What, then, are the main elements of his reactions?

In the first place, the husband of a frigid woman generally has a great store of repressed resentment toward his wife. This is quite understandable, of course. He has been the chief recipient of her very strong negative feelings toward life, people, love, and sex.

As we have seen, the frigid woman has a strong tendency to blame others for her difficulties. Her husband, doubtlessly, has received his full quota of such irrational blame from her. He has also been the main victim of all the other neurotic components of frigidity—the envy and mistrust she has of the entire male sex, the endless complaints she directs against her household duties, her general inability to handle even the trivia of every woman’s everyday life with any grace or ease.

In addition to her quarreling and complaints he has had to accept a tremendous amount of emotional frustration. Frigidity does not permit much honest or real interpersonal warmth, and the male has had to do without a normal amount of affection. His sexual frustration, too, is great. We saw in the case of the clitoridal woman just how laborious and boring the act of love can become to the man. It is not necessary to labor the point of how cumulatively bleak sexual intercourse with an unresponding partner can become.

All this (and more) that a man has gone through with a frigid wife must have a very definite effect on him. He builds up attitudes and develops defenses which allow him to preserve his equilibrium within the framework of his marriage as it is.

Some of these defenses are psychological, some external.

The chief psychological defense he uses is a general withdrawal; he pulls back from “caring” about the unhappy circumstances of his married life. He may cease to react, either to his wife’s attacks on him or to her general complaints. He may cease, too, to care very much about the failure of their sexual life. His withdrawal from the problem may be marked by actual sexual impotence with his wife. Or he may, in response to his wife’s rejection of sex, take a purely mechanical attitude toward intercourse, getting it over with as quickly as possible, taking it like a hurried but necessary meal.
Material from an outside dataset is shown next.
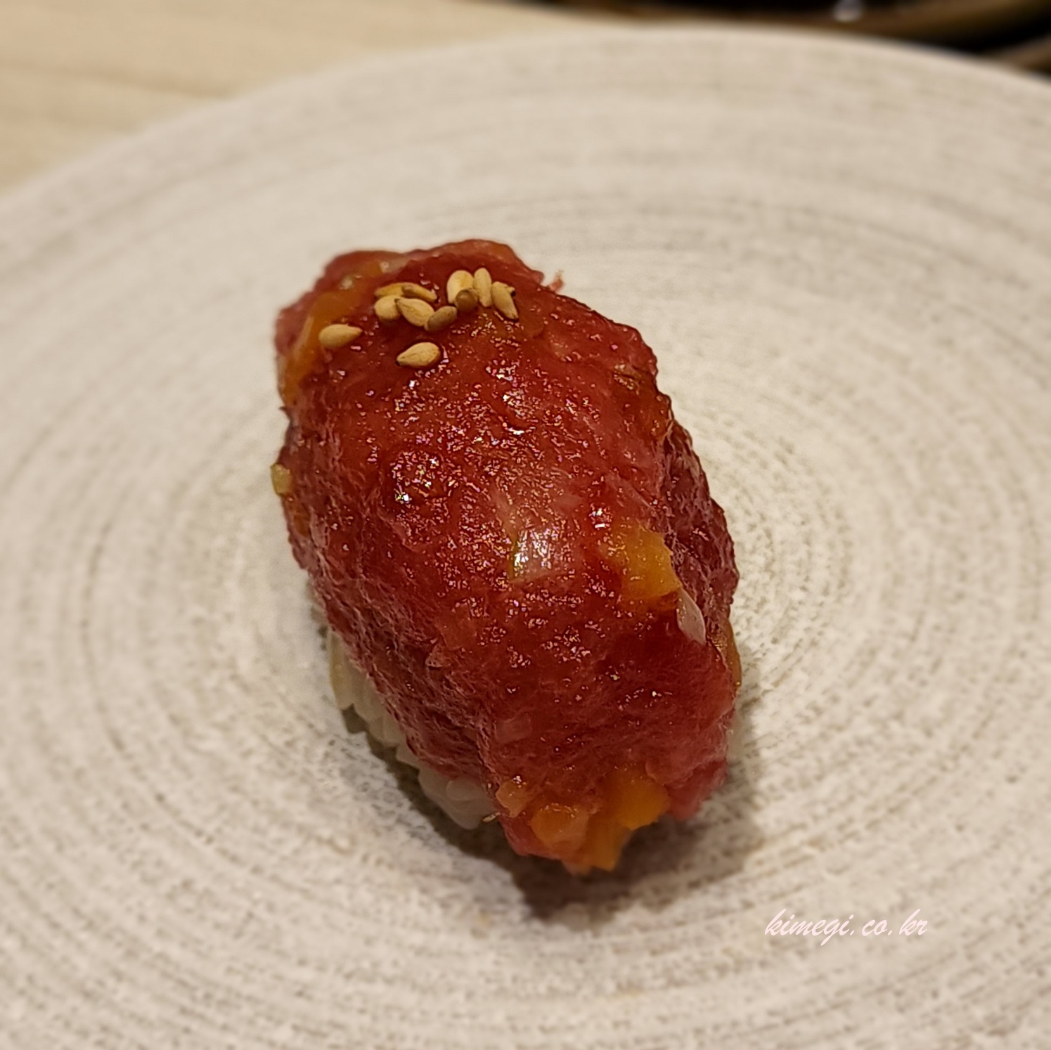 일곱 번째는 간장에 절인 참치 등살이었어요. 기름기가 적은 등살이라서 방어를 먹고 난 다음이라 조금 부족한 느낌이었어요. 저는 기름기가 많은 생선을 좋아해서 그런 것 같아요.

His external defenses against his home life may be a withdrawal from it. He may reorganize his social life around a men’s social or athletic club, spending a great deal of time with “the boys.” He may take to drinking at bars in the evening, forming a circle of cronies whom he likes to be with. He may do any of a number of things that take him out of his home in the evening and give him substitute pleasures.

Now of course there is nothing the least bit reprehensible about the erection of such defenses if one’s marriage and home life are unsatisfactory. Indeed, such defenses may keep a marriage together by allowing the man to get some compensatory pleasures out of life.

One husband said just this in so many words to me recently. “If I hadn’t taken a firm stand within myself,” he told me, “the marriage would have broken up long ago. I simply decided that, if things were to work out at all, I just had to pull back from her and not take what she said to me seriously. If I went on believing half of the attacks she made on me I couldn’t have lived with myself. And since sex was no fun, what was there left between us? I’ve made up a social life of sorts outside of the family for myself. At least I get a little fun out of life, and since I’m not around mainly I’m not boring her so much and she’s not boring me so much.”